Estela Garcia, impacted resident and member of the Committee for a Better Arvin,” said, “In my community, there are many people who are sick - with asthma, with allergies, and many many people suffering from cancer. Here in Arvin, there are wells near schools and near apartments. There are wells that supposedly aren't operating, but a terrible smell comes to you if you get close to these sites.”

“This pollution affects everyone in the community. So if you ask me, ‘what would you change in your community’, I'd say ‘get the wells out of our communities as much as possible,” concluded Garcia.

Since the first well was drilled in California in 1861, oil production has steadily grown in the state. In 2017, California was fourth in the nation in crude oil production.

However, by February 2019, it dropped to seventh largest producer in terms of barrels per month, according to the report. Yet California, considered by many to be the nation’s “green leader,” still produced over 160 million barrels per year.

For more information, go to:

Background: Big Oil Regulatory Capture in California

The reason why California is one of the worst states in the U.S. when it comes to regulating the oil and gas industry’s waste is due to the uncomfortable fact that the oil industry is the most powerful corporate lobby in California and exercises enormous influence over the Governor’s Office, the State Legislature and the State’s regulatory panels, commissions and panels.

Last year the Western States Petroleum Association, the most powerful lobbying organization in the state, pumped more money into lobbying than any other organization in California, spending a total of $8.8 million. The San Ramon-based Chevron pumped the third most money into lobbying, a total of $5.9 million. The lobbying expenses of the two oil industry giants came to a total of $14.7 million.

During the first quarter of 2020, at the same time that the Newsom Administration approved 1,623 total oil drilling permits, the Western States Petroleum Association (WSPA) spent $1,089,702 lobbying state officials.

Chevron spent even more: $1,638,497 in the first quarter of 2020 to influence legislators, the Governor’s Office and other state officials. The two oil industry giants combined to spend a total of $2,728,199 lobbying from January 1-March 31.

In the second quarter of 2020, WSPA spent $1,220,986 while Chevron spent $974,322 on lobbying in California, a total of $2,195,308.  

In the third quarter of 2020, WSPA spent $1,169,397 while Chevron pumped $752,437 into lobbying.

Aera Energy — the company that the majority of fracking permits approved in 2020 went to — spent a total of $672,604 lobbying California officials in 2019. In 2020 to date, Aera spent $290,826 on lobbying from January 1 to March 31, $191,660 from April 1 to June 30, and $200,082 from July 1 to September 30, a total of $682,028, more than all of last year.

The final reports on lobbying expenses for 2020 won’t come become available until January 31, 2021.

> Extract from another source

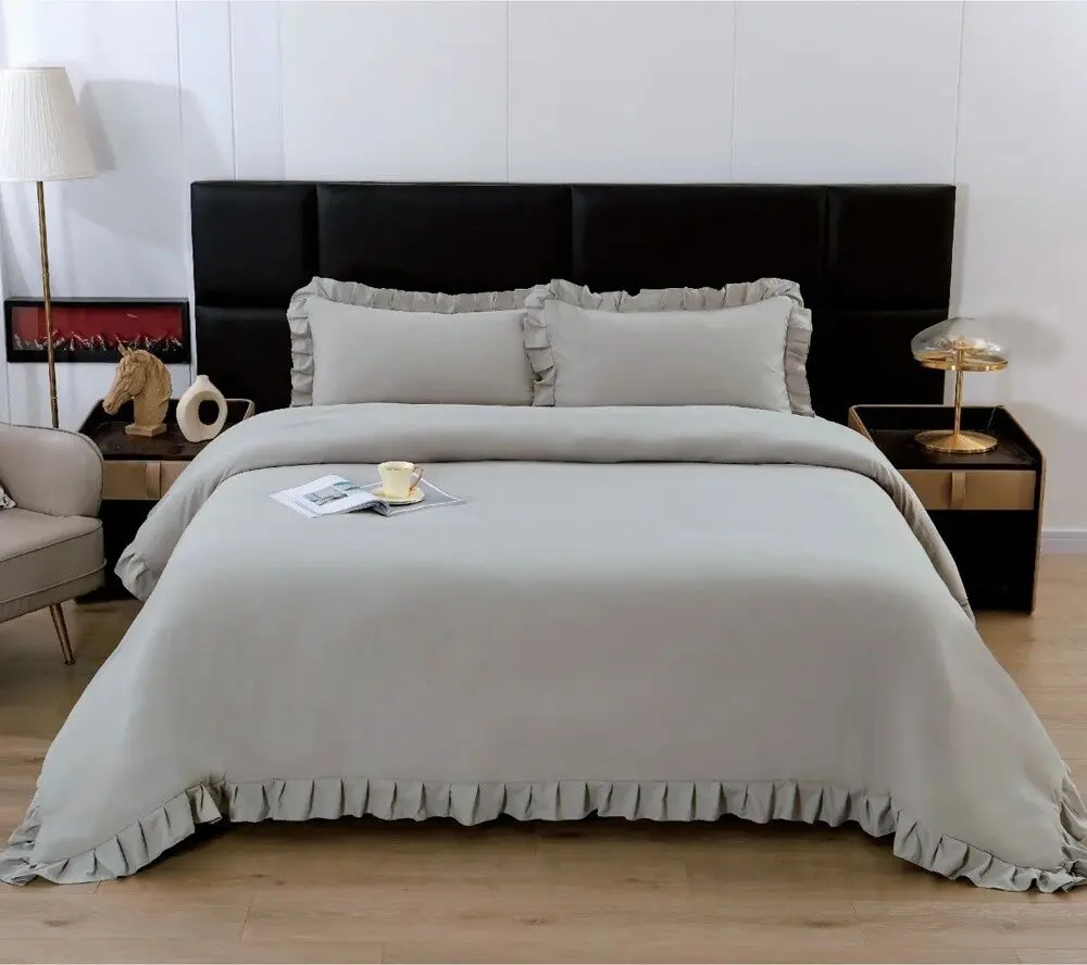 تمتّع بنوم هانئ مع شارم طقم لحاف سرير صيفي بدون حشوة كوين رمادي 4 قطع

Lobbying is just one of the seven methods that Big Oil uses in California to exercise inordinate influence over California regulators. WSPA and Big Oil wield their power in 7 major ways: through (1) lobbying; (2) campaign spending; (3) serving on and putting shills on regulatory panels; (4) creating Astroturf groups; (5) working in collaboration with media; (6) creating alliances with labor unions; and (7) contributing to non profit organizations.

A classic example of deep regulatory capture in California is how Catherine Reheis-Boyd, the President of the Western States Petroleum Association, chaired the Marine Life Protection Act (MLPA) Initiative Blue Ribbon Task Force to create “marine protected areas” in Southern California at the same time that she was lobbying for new oil drilling off the West Coast.